In the high frequency transceiver of the present invention, the material of the first to sixth dielectric lines 22, 23, 25 to 27, 32, 33, 35 to 37, 39 is a resin such as ethylene tetrafluoride or polystyrene, or Low dielectric constant cordierite (2MgO · 2Al ₂ O ₃ · 5SiO ₂ ) ceramics, alumina (Al ₂ O ₃ ) ceramics, glass ceramics and the like are preferable, and these have low loss in high-frequency signals in the millimeter wave band. is there.

  The first to sixth dielectric lines 22, 23, 25 to 27, 32, 33, 35 to 37, 39 are basically rectangular in shape, but rounded at the corners of the rectangle. It is possible to use various cross-sectional shapes used for transmitting high-frequency signals.

The ferrite plates 24 and 34 are preferably made of zinc, nickel, and iron oxide (Zn _a Ni _b Fe _c O _x ), for example, for high frequency signals among ferrites.

  In addition, the shape of the ferrite plates 24 and 34 is usually a disc shape, but the planar shape may be a regular polygonal shape. In that case, when the number of dielectric lines to be connected is n (n is an integer of 3 or more), the planar shape is preferably a regular m-square (m is an integer greater than n of 3 or more).

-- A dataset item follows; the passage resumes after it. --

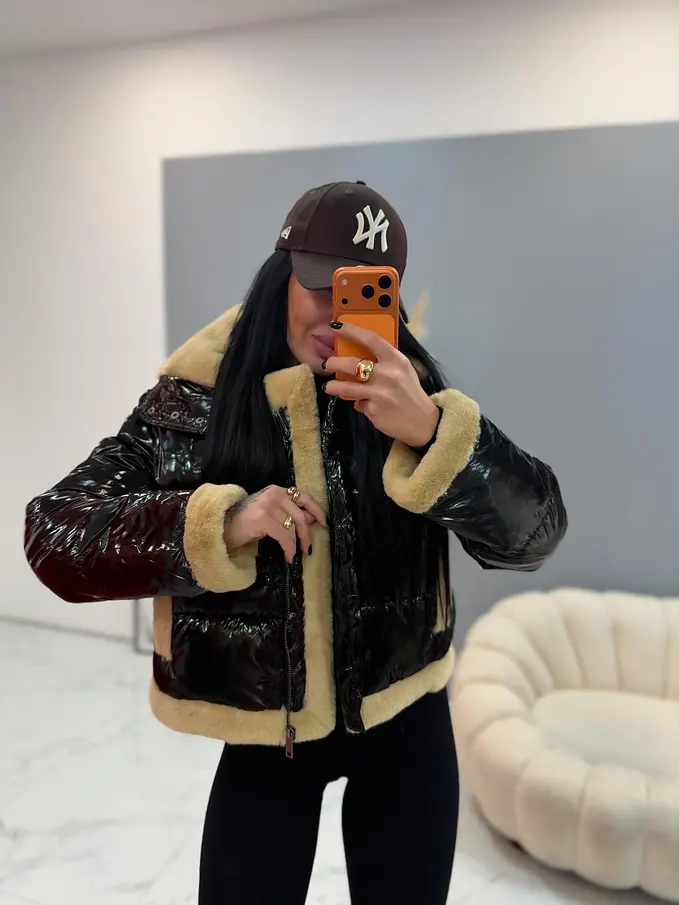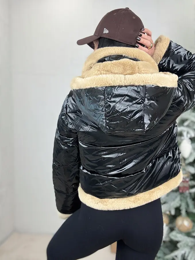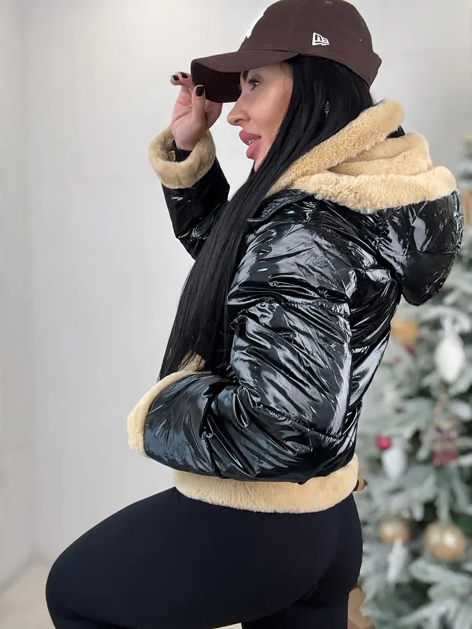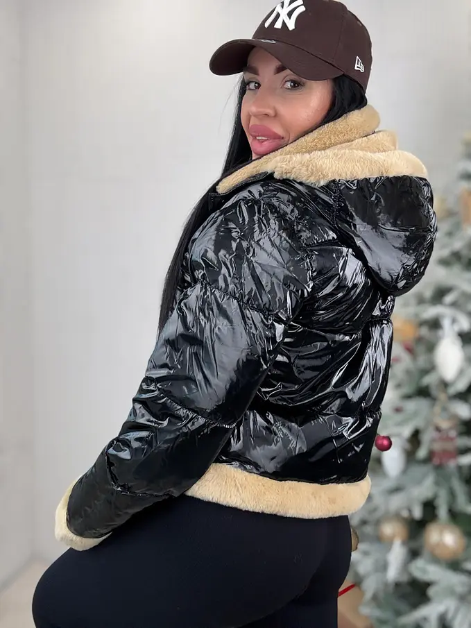 Dámska bunda s neodnímateľným kožušinovým lemom na golieri a rukávoch. Detaily sú v zlatej farbe. S bočnými vreckami. Kapucňa je neodnímateľná.

  Further, the materials of the flat conductors 21, 31 and the other flat conductor not shown are Cu, Al, Fe, Ag, Au, Pt, SUS (stainless steel) in terms of high electrical conductivity and good workability. A conductive plate such as steel or brass (Cu-Zn alloy) is suitable. Or what formed these conductor layers on the surface of the insulating board which consists of ceramics, resin, etc. may be used.

  The non-reflective terminators 28, 38a, 38b are end portions of the fifth dielectric line 27, the fourth and fifth dielectric lines 36, 37 to which the non-reflective terminators 28, 38a, 38b are connected. On the other hand, a film-like resistor or wave absorber is attached to the upper and lower ends of the side surfaces (the surfaces not facing the inner surfaces of the flat conductors 21, 31 and the other flat conductor not shown). That's fine. At that time, the material of the resistor is preferably a nickel chromium alloy or carbon. In addition, as the material of the radio wave absorber, permalloy or sendust is suitable. If these materials are used, the millimeter wave signal can be attenuated efficiently. Further, materials other than these that can attenuate the millimeter wave signal may be used.

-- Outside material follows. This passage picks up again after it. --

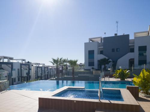 Oasis Beach 8 Top floor apartment in Torrevieja Punta Prima位于托雷维耶哈,配备带免费WiFi的海景客房,配有户外游泳池、花园和露台。内部提供私人停车位。

  The substrates 40 and 44 are made of aluminum (Al) on one main surface of a plate-like substrate made of thermoplastic resin such as tetrafluoroethylene, polystyrene, glass ceramics, glass epoxy resin, epoxy resin, so-called liquid crystal polymer. , A choke-type bias supply line 41, 46 formed of a strip conductor made of gold (Au), copper (Cu), or the like is used.

  In the high frequency transmitter / receiver of the present invention, the configuration including the mixer of the present invention is important, and the high frequency transmission line connecting each circuit element is not only a non-radiative dielectric line but also a conductive line. Select a wave tube, dielectric waveguide, strip line, microstrip line, coplanar line, slot line, coaxial line, or a modified high-frequency transmission line according to the frequency band and application to be used. It doesn't matter. In addition to the millimeter wave band, the frequency band used as the high frequency signal is also effective for the microwave band or lower frequency band.

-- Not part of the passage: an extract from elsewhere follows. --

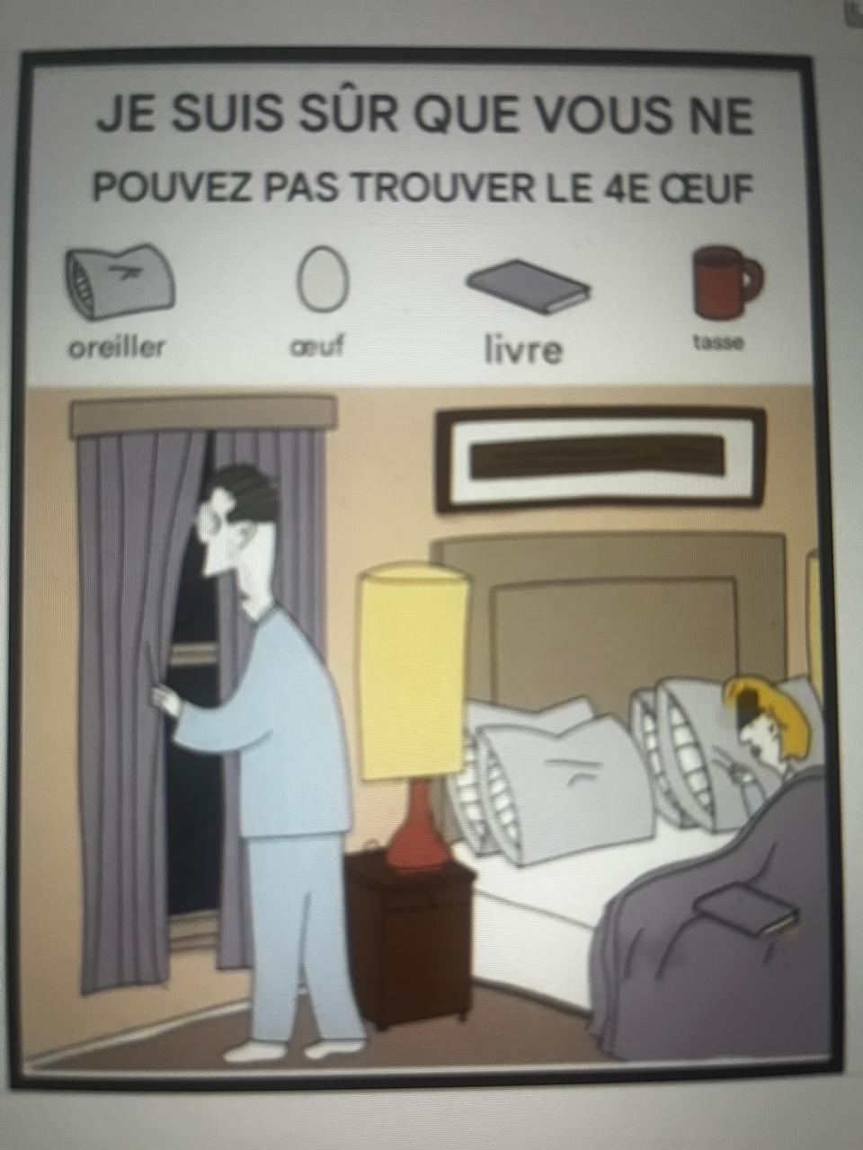 À première vue, la scène de la chambre semble tout à fait ordinaire : un lit, une lampe et des étagères. Mais quatre objets du quotidien, un livre , un œuf , une tasse et un oreiller , sont astucieusement dissimulés dans l’image. Le défi ? Vous n’avez que 17 secondes pour tous les trouver. Cela peut paraître simple, mais cette énigme est plus complexe qu’il n’y paraît.

  Further, for the high-frequency oscillator, the modulator, and the mixer, a bipolar transistor, a field effect transistor (FET), or an integrated circuit (CMOS, MMIC, etc.) integrated with these may be used instead of the diode. In the first and second high-frequency transceivers of the present invention, a duplexer, a switch, a hybrid circuit, or the like may be used instead of the circulator 14. Similarly, in the third high-frequency transmitter / receiver of the present invention, a circulator, a duplexer, or a hybrid circuit may be used instead of the second changeover switch 72. The hybrid circuit includes a branch line type hybrid circuit in addition to the second rat race type hybrid coupler 75.

  In the fifth and sixth high-frequency transceivers, a directional coupler may be used as the branching unit 73 instead of the rat race type hybrid coupling unit 73 and the terminating resistor 74. Further, the example using the second rat race type hybrid coupler 75 as the signal separator has been described. However, as an alternative to the second rat race type hybrid coupler 75 and the terminating resistor 76, a duplexer, a circulator or a switching unit is used. An RF switch or the like may be used.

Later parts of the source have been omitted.